New information/analysis → Should this be documented?
↓
Q1: Is this a repeatable pattern/workflow?
↓ YES
→ Create SKILL
→ Delete working notes
↓ NO
Q2: Is this explaining HOW to do something?
↓ YES
→ Create GUIDE (docs/guides/)
→ Permanent
↓ NO
Q3: Is this explaining WHY the system is designed this way?
↓ YES
→ Create ARCHITECTURE doc (docs/architecture/)
→ Permanent
↓ NO
Q4: Is this a decision we might re-litigate?
↓ YES
→ Create ADR (docs/decisions/YYYY-MM-DD-*.md)
→ Permanent
↓ NO
Q5: Is this tracking active work or deferred ideas?
↓ YES
→ Q5a: Is this project-specific?
↓ YES → Update docs/tracking/ (ACTIVE.md or BACKLOG.md)
↓ NO → Update ~/git/hh-meta/tracking/ (IDEAS, BACKLOG, NOTES, or PROJECTS)

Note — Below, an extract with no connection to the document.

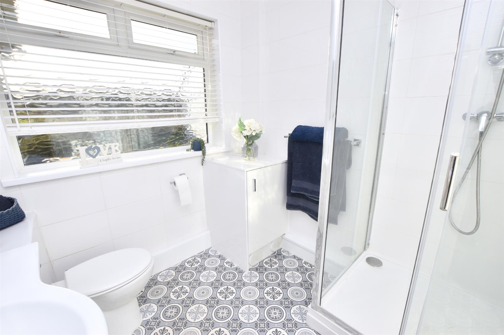 In addition to the main bathroom is this useful separate shower room which includes a corner shower cubicle and a vanity unit incorporating a semi recessed sink with cupboards below and a concealed wc. Tiled walls. Vinyl flooring. Double glazed window. Radiator. The Glow Worm gas fired boiler is concealed within a white cupboard. uPVC ceiling.
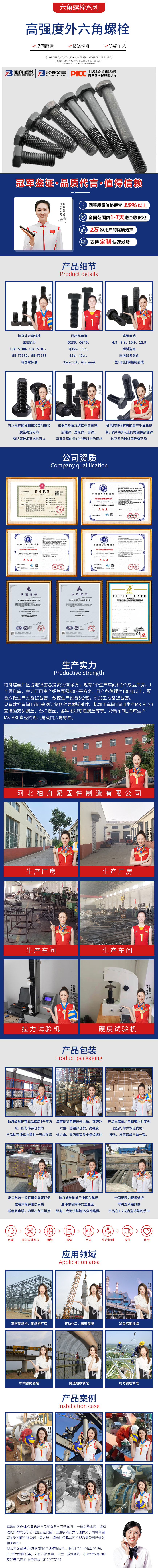 產品介紹: 柏舟外六角螺栓主要執(zhí)行GB-T5780、GB-T5781、GB-T5782、GB-T5783等國家標準。原材料可選Q235、Q345、Q355、35 、45 、40cr、35crmoA、42crmoA,等級可選4 8、8 8、10 9、12 9。鋼材選用國內知名鋼企生產的圓鋼精制而成,可以生產國標粗扣和英制細扣,質量穩(wěn)定可靠。有防腐技術要求的可以根據自身情況選擇電鍍白鋅、熱鍍鋅、達克羅、滲鋅,外六角使用范圍是標準件里面最廣泛的。

↓ UNCLEAR → ASK USER where it should go
→ Persistent across sessions
↓ NO
Q6: Is this just organizing thoughts or temporary analysis?
↓ YES
→ Don't create file OR create WIP doc
→ Delete after extracting to skill/guide/ADR
→ NEVER commit working docs to repo
↓ NO
→ Don't document it
Directory Structure
Recommended Organization
/
├── README.md # Project overview
├── CONTRIBUTING.md # Development guidelines
├── CLAUDE.md # AI assistant guidance
│
├── docs/
│ ├── README.md # INDEX of all documentation
│ │
│ ├── guides/ # Active reference (HOW)
│ │ ├── styling-guide.md
│ │ ├── api-guide.md
│ │ └── testing-guide.md
│ │
│ ├── architecture/ # System design (WHY structure)
│ │ ├── component-architecture.md
│ │ └── data-flow-design.md
│ │
│ ├── decisions/ # ADRs (WHY decisions)
│ │ ├── 2025-11-15-approach-selection.md
│ │ └── 2025-12-01-cache-strategy.md
│ │
│ ├── tracking/ # Session continuity
│ │ ├── ACTIVE.md # Current work in progress
│ │ └── BACKLOG.md # Deferred ideas (access on demand)
│ │
│ └── archive/ # Historical (optional)
│ └── 2025-10-15-performance-audit.md
│
└── .claude/skills/ # Repeatable patterns
├── README.md # Skills index
├── documentation-management/ ← This skill!
└── ...
Naming Conventions
Active Reference Guides
Pattern: {topic}-guide.md
Examples:
dialog-compatibility-guide.mdperformance-update-guide.mdtemplate-authoring-guide.md
Why: Descriptive, timeless, sorts alphabetically by topic
Architecture Docs
Pattern: {component}-architecture.md or {component}-design.md
Examples:
scss-architecture.mddata-flow-design.mdsheet-registration-design.md
Why: Clear that it's about system design, not a how-to guide
Architecture Decision Records
Pattern: YYYY-MM-DD-{short-title}.md
Examples:
2025-11-15-virtual-lists-over-drag-drop.md2025-12-01-redis-vs-memory-cache.md2025-12-20-inline-styles-for-shadow-dom.md
Why: Sorts chronologically, immediately clear when decision was made
Lifecycle Management
When to Archive
Trigger: Audit is complete, problem is solved, lessons are encoded
Process:
- Check if lessons are captured in skills
- If yes: Move to
docs/archive/with date - If lessons aren't encoded anywhere: Consider creating skill first
When to Delete
Trigger: Document served its purpose, value is captured elsewhere
Safe to Delete:
- Working documents after final doc is created
- Audits where ALL lessons are in skills
- Analysis that led to code but has no ongoing reference value
- Anything you wouldn't link to in README
The "Link Test":
Question: Would you add a link to this doc in docs/README.md?
NO → Delete it
MAYBE → Archive with date
YES → Keep in active location
When to Extract to Skill
Trigger: Identified a repeatable pattern with clear steps
Process:
- Audit/analysis identifies a pattern
- Create skill encoding the pattern
- Delete or archive the source audit/analysis
- Update docs/README.md to link to skill
Quick Checklist
Before creating documentation:
- Identified document type (guide, architecture, ADR, skill, working doc)
- Applied "Link Test" - Would I link to this in README?
- Used correct naming convention for type
- Placed in correct directory
- If working doc: Added WIP prefix or kept local (don't commit)
- If supersedes old doc: Deleted or archived old doc
- Updated docs/README.md index (if keeping)
Before committing documentation:
- Removed any WIP/temporary docs
- Archived completed audits (if keeping at all)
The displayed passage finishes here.